Vat refund to foreign persons when acquiring goods within the eu or when importing goods

With effect from 1 January 2026, Section 83a of the VAT Act introduces a new VAT refund mechanism for foreign persons. The aim is to enable foreign persons to recover Czech VAT when carrying out certain transactions in the Czech Republic. Prior to this amendment, foreign entities that imported or acquired goods into the Czech Republic from abroad were obliged to pay VAT to the tax administrator, and its recovery was often administratively demanding. Under the new rules, VAT can be recovered through the VAT refund procedure if the goods are subsequently delivered to a VAT payer in the Czech Republic, for example. 

It should be noted that with effect from 1 January 2025, the Czech rules for the deduction of import VAT in cases where the importer is not the owner of the goods have been tightened. In accordance with the case law of the CJEU, the right to deduct import VAT is generally denied if the costs of import are not directly included in the price of subsequent taxable supplies of the importer. This leads to more imports being made directly by foreign owners. 

The new rule extends the possibility of Czech VAT refunds to a larger circle of foreign entities from non-EU countries, because compared to the previous regulations, it is no longer necessary to meet the condition of reciprocity. 

 Section 83a applies exclusively to foreign entities that are not registered as VAT payers in the Czech Republic or established in the EU. It covers situations where a foreign entity acquires goods from another EU Member State or imports goods from a third country, where the place of supply is the Czech Republic, and subsequently uses these goods for a taxable supply in the Czech Republic, for which the tax is declared by the customer under the reverse charge regime. 
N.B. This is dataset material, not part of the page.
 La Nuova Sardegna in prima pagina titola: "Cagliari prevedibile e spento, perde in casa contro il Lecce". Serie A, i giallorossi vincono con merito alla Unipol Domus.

Under the previous rules, these transactions usually resulted in the foreign entity being obliged to pay Czech VAT on the acquisition of goods within the EU or on importation. However, entities established in third countries could not claim an appropriate VAT deduction if the principle of reciprocity was not complied with. Currently, this principle is confirmed only for the United Kingdom, Switzerland, Norway and Bosnia and Herzegovina. 

Under the new mechanism, foreign entities can recover Czech VAT incurred in these situations without the need to register for VAT in the Czech Republic, even if the principle of reciprocity has not been met. The key condition is that the purchased or imported goods must be used within the economic activity of the foreign entity and for the purposes of subsequent taxable supply with the place of supply in the Czech Republic. In practice, this mechanism means a more efficient and proportionate way to comply with VAT obligations, especially in the case of one-off or project transactions. 
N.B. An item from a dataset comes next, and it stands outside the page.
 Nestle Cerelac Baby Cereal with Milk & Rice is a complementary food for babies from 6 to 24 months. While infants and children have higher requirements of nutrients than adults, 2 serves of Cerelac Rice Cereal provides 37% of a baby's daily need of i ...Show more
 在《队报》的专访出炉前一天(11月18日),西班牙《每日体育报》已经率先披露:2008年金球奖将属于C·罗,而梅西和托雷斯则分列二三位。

However, this subsequent supply must be one in respect of which the customer who is a VAT payer or who has to register for VAT in order to receive certain supplies is obliged to declare and pay tax. In practice, a domestic customer declares VAT if a foreign supplier not established in the Czech Republic provides any of the following supplies: 

  • the provision of services – such as repairs of movable property, real estate services, cultural or sporting events, catering; 
  • supply of goods with installation or assembly, if the foreign supplier is not registered as a VAT payer in  the Czech Republic; 
  • the supply of goods through networks or systems (e.g. electricity); 
  • supply of goods to a Czech VAT payer, if the foreign supplier is not registered for VAT in  the Czech Republic. 

As a result, the foreign entity does not apply Czech VAT to subsequent supplies that are subject to the reverse charge regime. The right to a VAT refund under Section 83a arises only after the subsequent supply has taken place, which determines the moment when the claim arises. 

The VAT refund application must be supported by copies of the relevant tax documents proving that the VAT has been correctly declared or paid and that the legal conditions are met. These documents include an invoice or proof of import VAT relating to the acquisition or import of goods and a tax document issued for a subsequent taxable supply in the Czech Republic. 

A foreign person is also obliged to provide an e-mail address in the application for a VAT refund. This allows the Czech tax authorities to communicate effectively regarding the application. However, if a foreign person grants a power of attorney to a Czech representative, the Czech tax authorities are obliged to communicate with this representative. 

The deadline for submitting an application begins on the first day of the second calendar month following the calendar quarter in which the subsequent taxable supply took place and ends on the last day of the calendar year following the year in which the goods were acquired from another EU Member State or imported into the Czech Republic. 

For example, if the goods are imported in March 2026 and the subsequent taxable supply is made in May 2026, the deadline for filing a refund request starts on August 1, 2026 and ends  on December 31, 2027. These deadlines are important because a late submission may be rejected. 

Any amount of VAT that is intended for refund will then be transferred electronically to the bank account provided by the foreign entity in its application. 
 
Section 83a is a clear and effective mechanism that allows foreign businesses to recover Czech VAT without having to be registered as VAT payers in the Czech Republic. The key to a successful return process is careful planning, adherence to filing deadlines, and proper documentation.